Quando se lhes pergunta o que querem da vida, uma coisa que muitas pessoas dizem é que querem apenas “ser felizes”. Para ser sincero, Bob poderia responder à pergunta da mesma forma. É incrivelmente vago e, ao mesmo tempo, de alguma forma diz tudo. Marc, provavelmente, demoraria uns instantes e depois diria: “É mais do que isso”. Mas o que significa felicidade? Como é que se manifestaria na sua vida?
Uma forma de encontrar algumas respostas para esta pergunta pode ser, simplesmente, perguntar às pessoas o que as deixa felizes e, depois, encontrar pontos em comum. No entanto, como lhe vamos mostrar, seria melhor aceitarmos todos a dura verdade de que as pessoas são péssimas no que diz respeito a saberem o que é bom para elas. Vamos abordar isto mais tarde.
Mais importante do que saber de que forma as pessoas responderiam à pergunta, temos os mitos não verbalizados e interiorizados acerca daquilo que torna uma vida feliz. Há muitos, mas o principal entre esses mitos é a ideia de que a felicidade é algo que se alcança. Como se fosse um prémio que se pudesse emoldurar e pendurar na parede. Ou como se fosse um destino e, depois de ultrapassar todos os obstáculos do caminho, chegássemos finalmente lá e depois desfrutássemos dela para o resto da vida.

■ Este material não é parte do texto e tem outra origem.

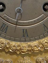 orologio da camino francese bronzo e oro attualmente non funzionante completo in ogni parte con chiave. misure l 34 h 47 p12 visibile in Ferrara eventuale spedizione possibile da concordare con il venditore
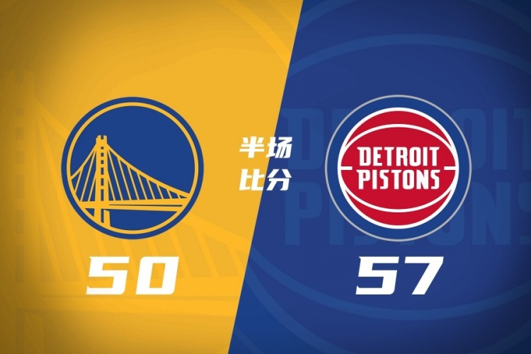 勇士半场50-57落后活塞 梅尔顿14分 追梦5助4失误 波津回更衣室
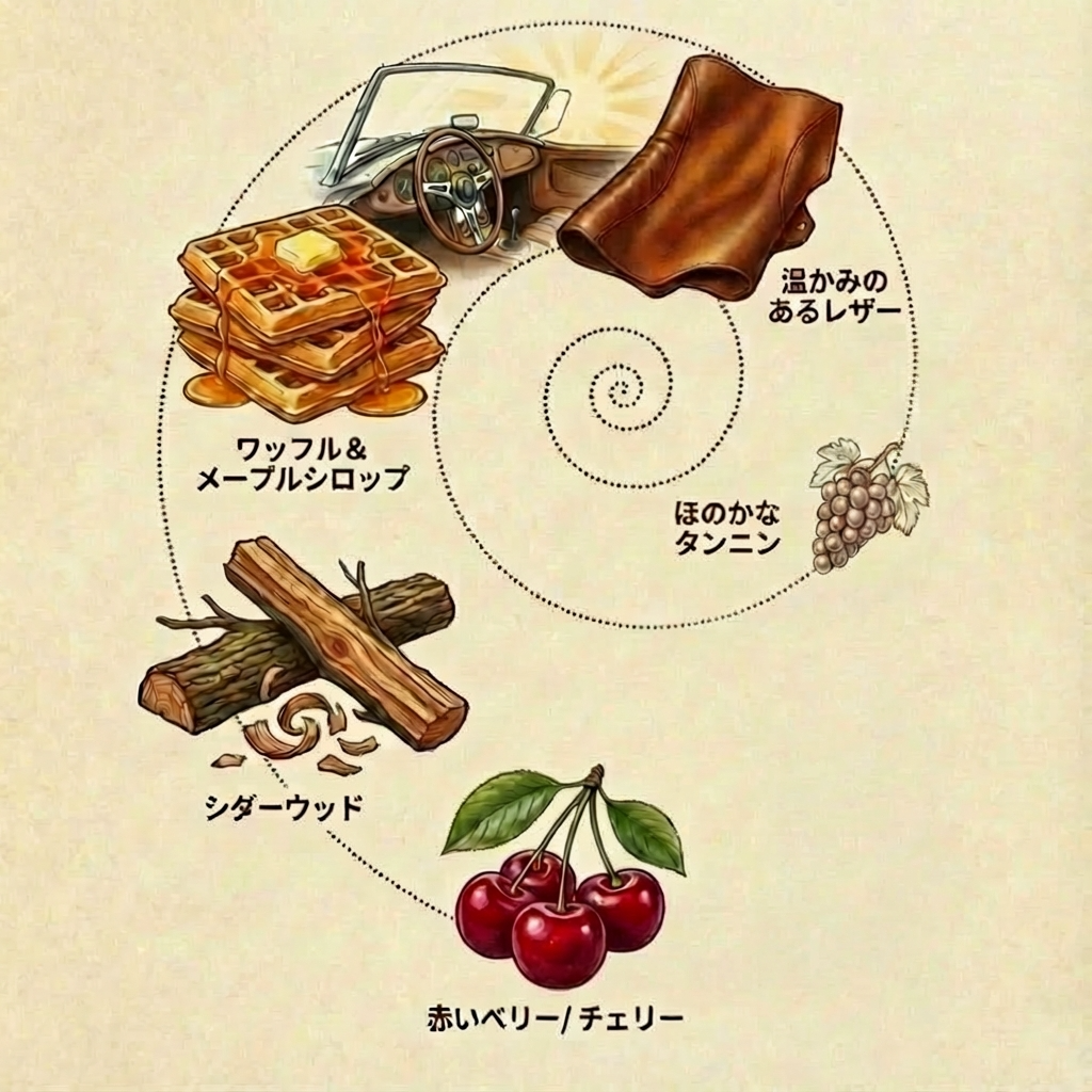 :ワッフルやメープルシロップの甘さに、温かなレザー感。ほのかな渋み(タンニン)が心地よく、ふくよかで複雑。

É óbvio que as coisas não funcionam assim. Há mais de dois mil anos, Aristóteles usou um termo que ainda é amplamente utilizado hoje em dia na psicologia: eudemonia. Refere-se a um estado de profundo bem-estar em que a pessoa sente que a sua vida tem significado e propósito. É muitas vezes contrastado com hedonia (a origem da palavra hedonismo), que se refere à felicidade passageira dos prazeres. Explicando de outra forma, se a felicidade hedónica é aquilo a que nos referimos quando dizemos que estamos a passar por um bom momento da vida, então, a felicidade eudemónica é aquilo a que nos referimos quando dizemos que a vida é boa. É uma sensação de que, para além daquele momento, independentemente de ser muito prazeroso ou péssimo, a nossa vida vale alguma coisa e é valiosa para nós. É o género de bem-estar que pode durar tanto nos bons como nos maus momentos da vida.
Não se preocupe, não vamos estar a sempre a falar na “sua felicidade eudemónica”. Mas vale a pena explicar brevemente sobre o que vamos estar a falar e o que significa.
Alguns psicólogos opõem-se à palavra “felicidade”, porque pode significar qualquer coisa, desde um prazer temporário a uma sensação quase mítica de propósito eudemónico que poucos conseguem de facto atingir. Portanto, em vez de felicidade, termos mais diferenciados como “bem-estar”, “prosperidade” e “florescimento” tornaram-se habituais na literatura psicológica.
Usamos esses termos neste livro. Marc gosta especialmente dos termos prosperidade e florescimento porque se referem a um estado ativo e constante de estar, em vez de apenas a uma disposição. Mas ainda usamos “felicidade” às vezes, pela simples razão de que é assim que as pessoas falam acerca das suas vidas. Ninguém diz: “Como está o teu florescimento humano?” Dizemos: “Estás feliz?”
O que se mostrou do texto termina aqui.